Parmi les voix récentes, celle de Johan Botha figure au rang des voix wagnériennes les plus remarquables. Si on sent que quelques décennies de standardisation sont passées par là, la voix du ténor témoigne d’une construction, d’une homogénéité parfaite sur l’étendue du registre et d’un brillant remarquable. Elle est à la fois puissante et solaire et convient à merveille au personnage de Walther von Stolzing, concourant ici pour la main d’Eva et pour le titre de Maître Chanteur dans son air, Morgenlich leuchtend im rosigen Schein.

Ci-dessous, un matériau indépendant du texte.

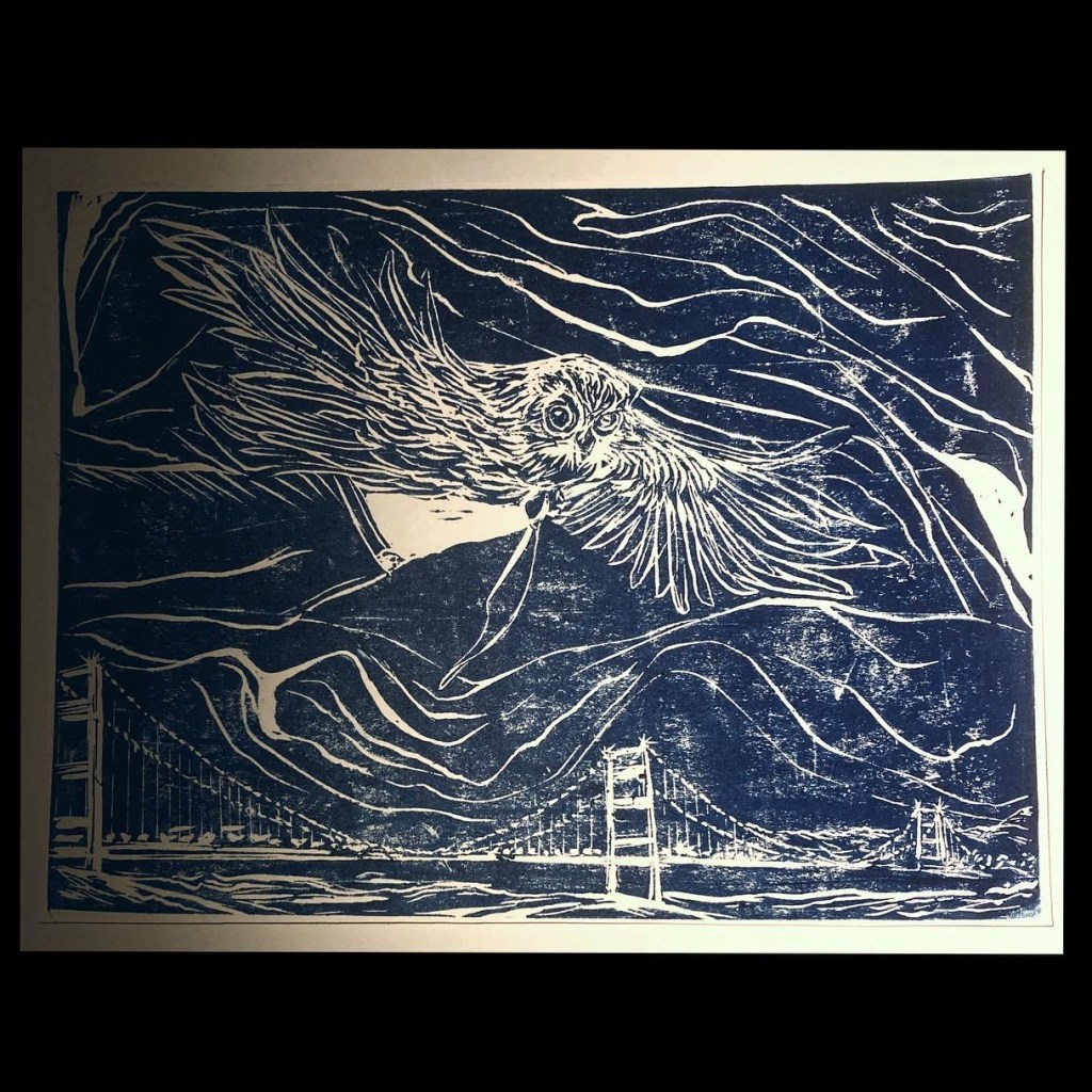 Linocut print/ Bird
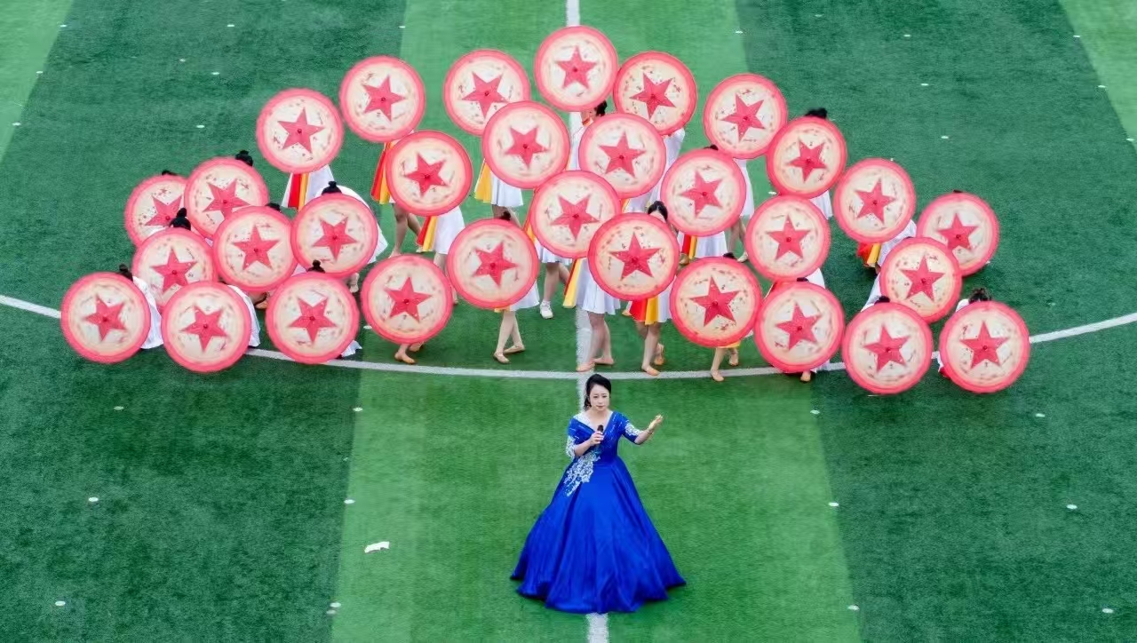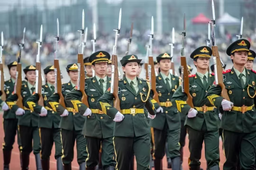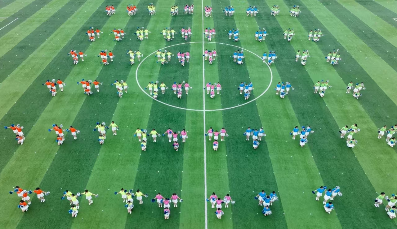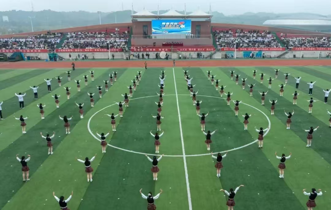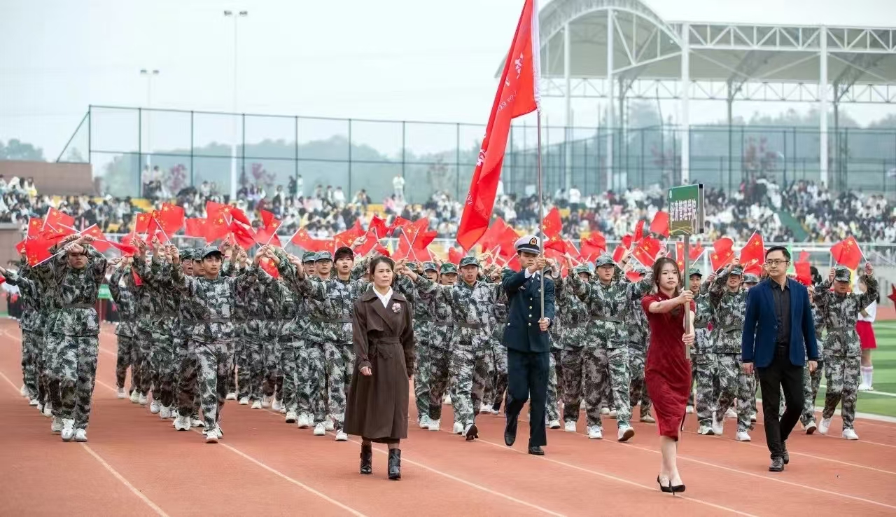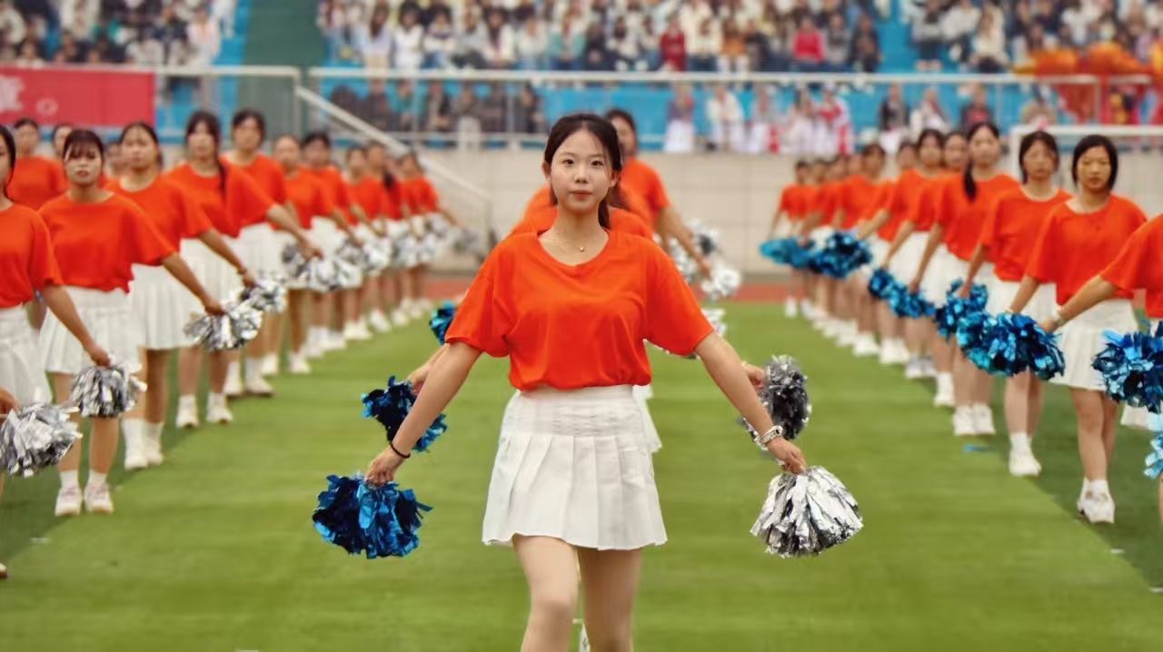 各学院方阵以多样风采绚丽登场。护理学院代表队手持向日葵,在场中巧妙变换出爱心形状,用温暖意象诠释白衣天使以爱守护生命的坚定誓言;师范学院方阵中,绚丽的彩带随舞姿飞扬流转,交织出激情、缤纷的青春图景;艺术与设计学院代表队身着蓝白渐变长裙,步履轻盈,在翻飞的红旗间跃动起舞,尽显艺术气质与蓬勃朝气……其余学院方阵也各具特色,或身披白大褂诠释医者仁心,或身着迷彩服尽显飒爽英姿,或挥动彩扇、红旗,共绘新时代青年学子的昂扬风貌。由马来西亚、蒙古国的留学生组成的方阵首次登场,成为开幕式上一道亮丽的风景线,书写出“技能无国界,文化共交融”的生动篇章。
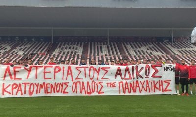 Το πανό που σηκώθηκε στην προπόνηση της Παναχαϊκής.
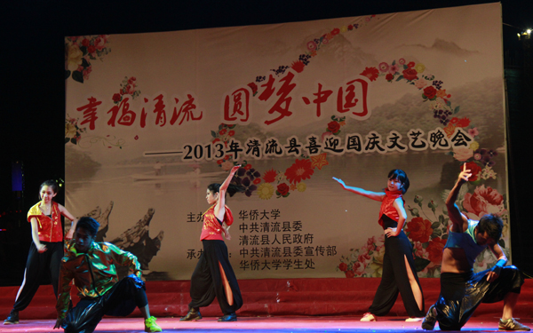 晚会节目种类多样,民族舞、芭蕾舞、民歌、街舞、魔术等轮番上阵。开场歌舞《大中国》用充满动感的旋律表达对祖国生日的祝福。华大境外生们表演的《年的传说》,将中国传统武术与舞狮相结合。在《清流》的演出中,演员们用道具模拟出清流的竹林,表现清流县翠竹环绕的自然生态环境,再现清流人民热爱自然、与之和谐相处的景象。
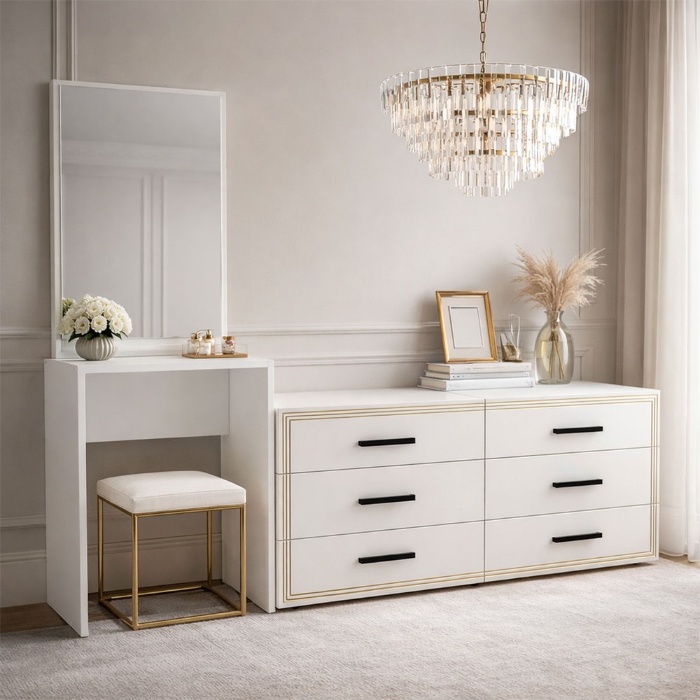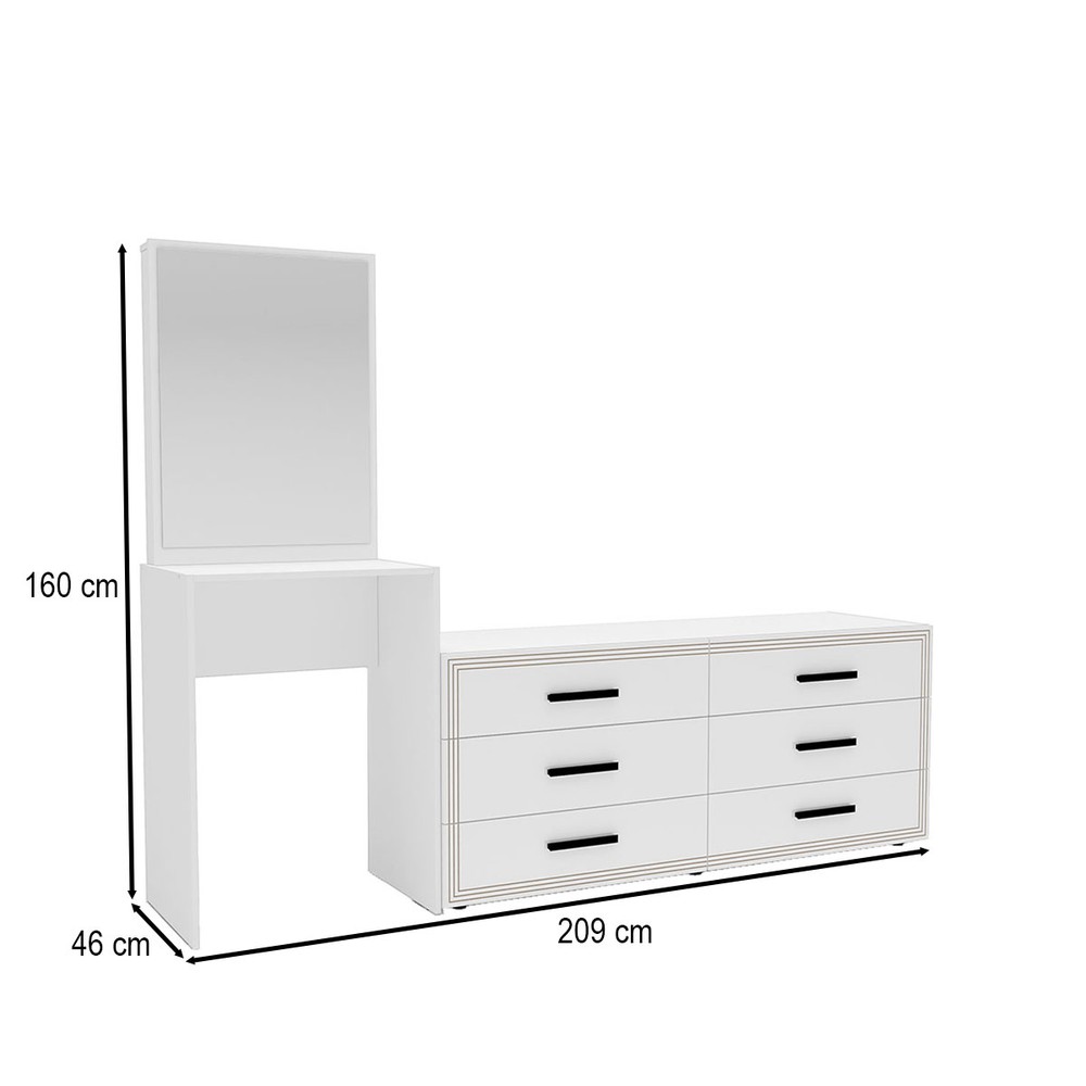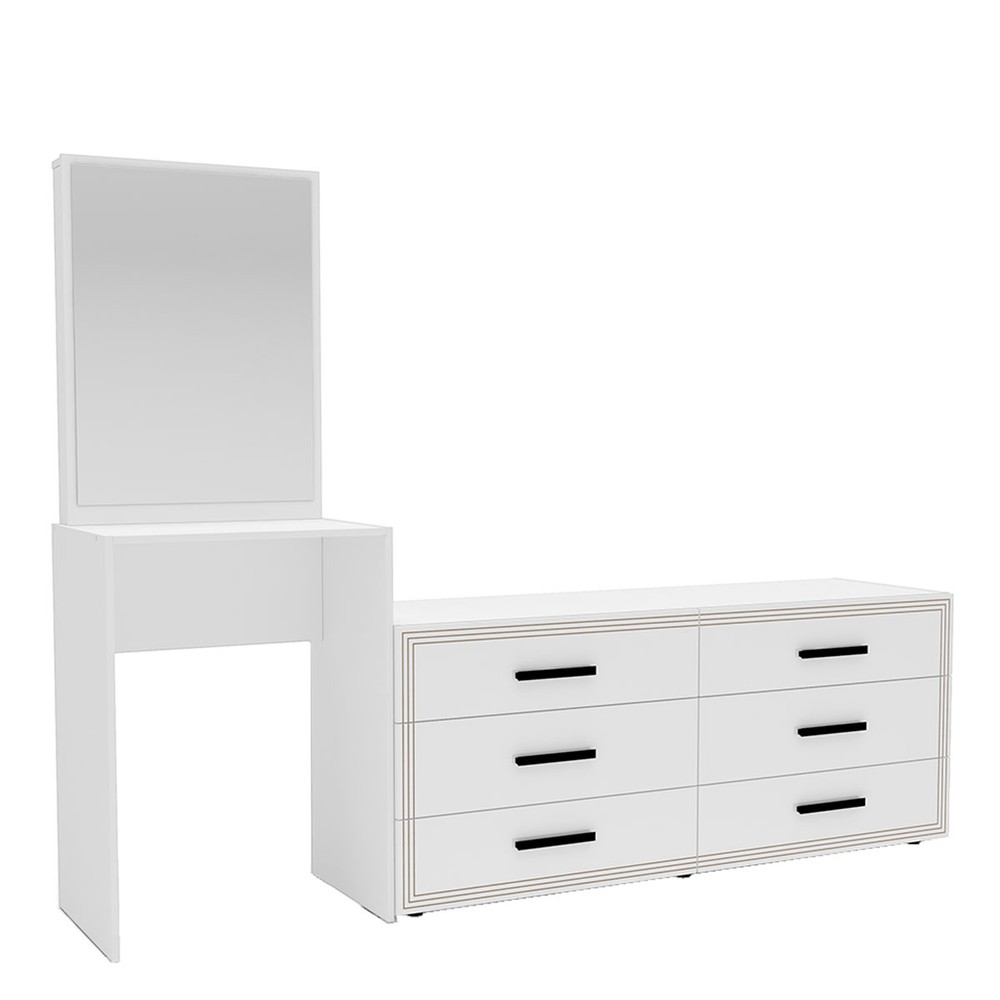 Cômoda Valência 6 Gavetas com Espelho Branco - Politorno

Le support vidéo permet ici d’apprécier la statique de Johan Botha, son aplomb physique, son ancrage dans la terre. Sa géométrie corporelle, petit, gros, la tête vissée sur les épaules, correspond à l’archétype parfait du ténor wagnérien. Installé dans son Hara, la cage thoracique ouverte, mobilisant peu de force pour un résultat pourtant puissant, Botha livre ici une véritable leçon de chant et de voix wagnérienne.

Set Svanholm

Autre époque, autre style. La voix de Set Svanholm appartient à une école de chant plus ancienne, respectant davantage l’authenticité et la géométrie vocale du chanteur. Le ténor suédois a cette voix claire parfaitement verticalisée, valorisant toujours la flamme et la spontanéité du son. Un brin d’héroïsme et une diction tranchante qui apporte une urgence, une vitalité extraordinaire dans un chant qui rayonne toujours par sa santé.

Wolfgang Windgassen

Immense voix également, Wolfgang Windgassen est l’un des ténors wagnériens incontournables. Le nouveau Bayreuth lui doit certainement, dans les années 1950, sa survie, tant le chanteur irradiait par sa présence le théâtre mythique. Il est peut-être, ici, un chouia en dessous de Botha ou Svanholm. Si sa superbe n’a rien à leur envier dans les sommets aigus, certaines phrases apparaissent un rien alanguies, nasales et plaintives par ailleurs. Mais ce maître de chant et de voix légendaire reste une référence dans ce répertoire qui suppose un instrument infaillible et parfaitement construit. Le timbre de Windgassen, même tardivement, fait montre d’un brillant et d’une juvénilité rares. Il appartient encore à cette ancienne école où la voix, loin des tendances actuelles à la standardisation, témoigne d’une incomparable authenticité.